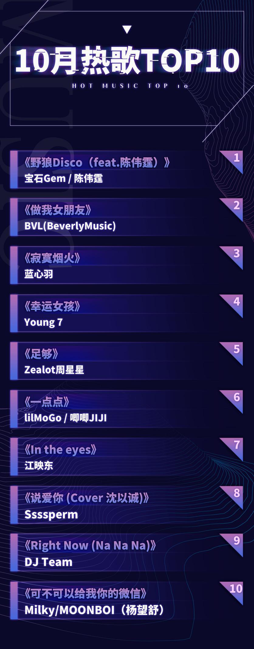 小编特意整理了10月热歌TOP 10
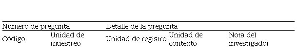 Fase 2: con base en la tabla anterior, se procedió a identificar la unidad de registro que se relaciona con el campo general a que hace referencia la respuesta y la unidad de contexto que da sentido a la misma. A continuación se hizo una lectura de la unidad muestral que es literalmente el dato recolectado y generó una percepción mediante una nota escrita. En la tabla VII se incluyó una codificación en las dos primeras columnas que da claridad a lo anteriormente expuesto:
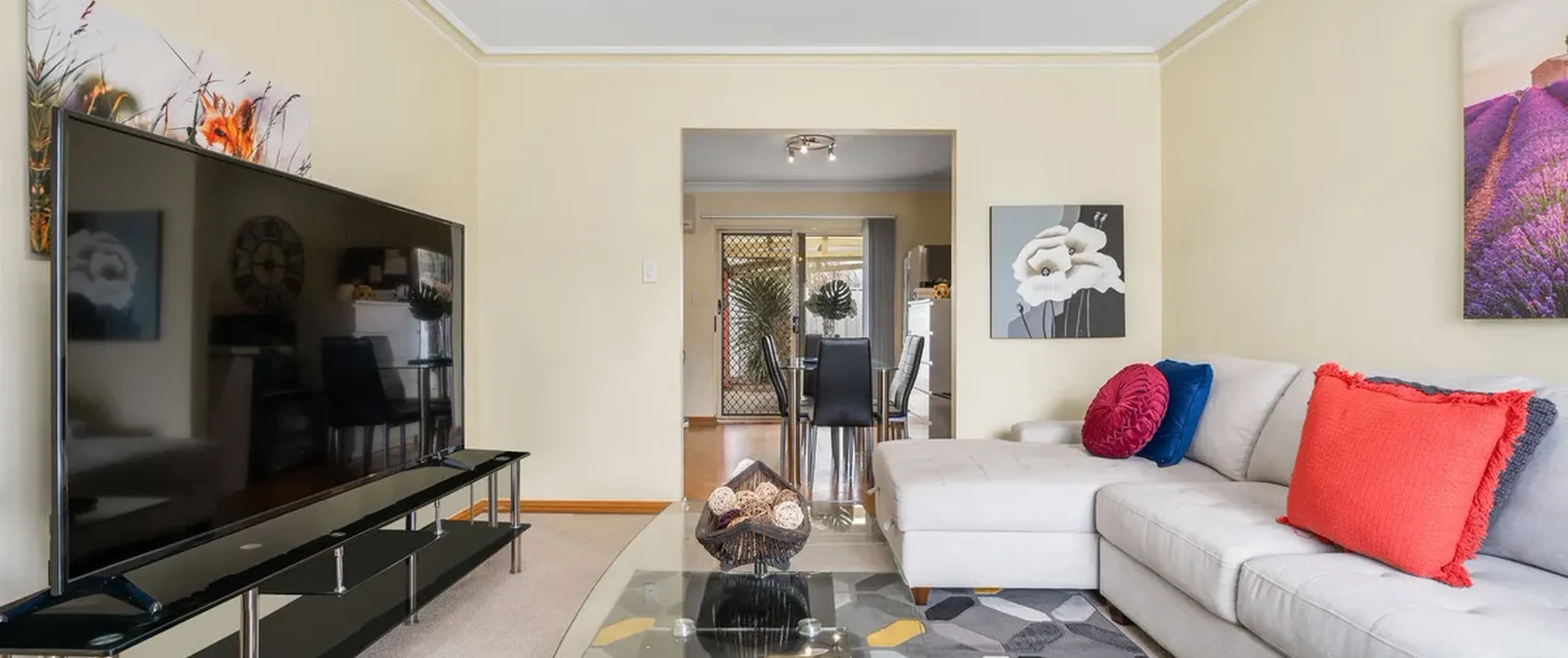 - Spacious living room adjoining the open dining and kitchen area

...

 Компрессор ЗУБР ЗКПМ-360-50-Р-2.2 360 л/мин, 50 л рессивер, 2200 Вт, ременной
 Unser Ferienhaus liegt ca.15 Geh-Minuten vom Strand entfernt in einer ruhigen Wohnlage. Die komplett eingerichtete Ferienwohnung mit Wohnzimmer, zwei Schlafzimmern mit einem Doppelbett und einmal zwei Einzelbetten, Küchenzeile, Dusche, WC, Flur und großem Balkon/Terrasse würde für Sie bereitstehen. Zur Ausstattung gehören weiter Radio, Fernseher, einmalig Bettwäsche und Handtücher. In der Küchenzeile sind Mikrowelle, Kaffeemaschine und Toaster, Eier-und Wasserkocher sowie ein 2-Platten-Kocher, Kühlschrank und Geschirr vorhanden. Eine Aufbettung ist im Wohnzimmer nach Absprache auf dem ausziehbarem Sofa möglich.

▸ Work to be completed: What is wanted is an exact copy of the lines above from the one containing "Fase 2: con" through the one containing "- Spacious living", with no pictures in it.

▸ Reply to the exercise:
 Fase 2: con base en la tabla anterior, se procedió a identificar la unidad de registro que se relaciona con el campo general a que hace referencia la respuesta y la unidad de contexto que da sentido a la misma. A continuación se hizo una lectura de la unidad muestral que es literalmente el dato recolectado y generó una percepción mediante una nota escrita. En la tabla VII se incluyó una codificación en las dos primeras columnas que da claridad a lo anteriormente expuesto:
 - Spacious living room adjoining the open dining and kitchen area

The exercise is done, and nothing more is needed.